On the way to our first night in the Swedish countryside was a small village stop in Venga. Here Patti was looking for her father's church and where in grew up. We got lucky and found a neighbor lady out picking strawberries (yordgubba) in the wooded areas nearby the old church yard. Roy speaks enough Swedish (8 yr. old learned) that he was able to communicate. She was very helpful and was able to put us in touch with the church caretaker, who let us in. This is an ancient, but active Luthern church. No records there but then just 300m away was a little "stuga" with a little old lady who had all the town's records on micro fische. She spoke no English. Most all younger Swedes do. Patti was in tears of joy because she found all the records and family. We looked but found no graves in the neat, well-kept church graveyard.


By 3PM. we made our first Inn, Stufvenas Gastgifveri (some missing omlauts). It was built in the 16th century but mondernized and building a big spa in the back. I was on a long dirt road through heavily wooded forests of mixed evergrees and birch. So lush with moss and fern undergrowth. On our walk to the nearby lake we almost stepped on a big black slug with a yellow dot on its end. Must've been 3-4 inches long. We discovered several others on the way. The girls loved them. They move so slow no wonder they are hermaphydytes. In the hallway to our rooms were two stuffed snowy ferrits. We had already noticed the quietness of the forests on our walks...no squirrels, very few bird's chirps. The owner said that they had had a heatwave in May that killed off wildlife, mosquitos and winds that felled many a tree in spots. We continued to notice this on our long road trip. The rooms were comfortable, gourmet evening meal was delicious but expensive. A former elite cruise line chef and his girl friend ran the place. Got some lovely pix.

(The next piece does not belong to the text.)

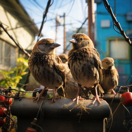 sparrows fluttering in a paved urban lot, created with generative ai

Next stop was in the little village of Gransholm and was called, in it's hayday the Villa Gransholm - an old victorian, white, two-story with manicured lawns. It was near the glass-blowing district and Orefors which was our goal for the next day. I was the first to go in and register and the place was empty. There was a note on the desk to make ourselves at home and our room keys for upstairs, uniquely decorated rooms. The owner was off with their new boat we found out. I toured the village the next morning and found the pond, dam and roaring stream near the only business of the orginal owner of the Villa, a paper factory (all the trees). Now it is a AC fan factory that ships all over the world. The girls loved the fact that we were alone in the monstrous manor with old time, black and white albums and setees. We found out that the kitchen was closed for "dinner" but would serve the typical Swedish breakfast buffet at 8AM. We found other food in a nearby town that night. Very quaint and full of history, the whole area. Out in the yard, fenced in, I found some "blonde, furry ducks" We jokingly called them "Swedish Ducks" along with the blonde cows we had seen earlier on the way. The owner said they belonged to her three girls and were kept to keep the snails and slugs down. I found another slug on the front steps and fed it to them. Lots of pix again. We also had "egg-rurra" for breakfast. My mom used to make it, runny, scrambled eggs. I was the only one who liked them. We had too many eggs during the trip, on board ship and countryside. I'm sure my cholesterol is way up.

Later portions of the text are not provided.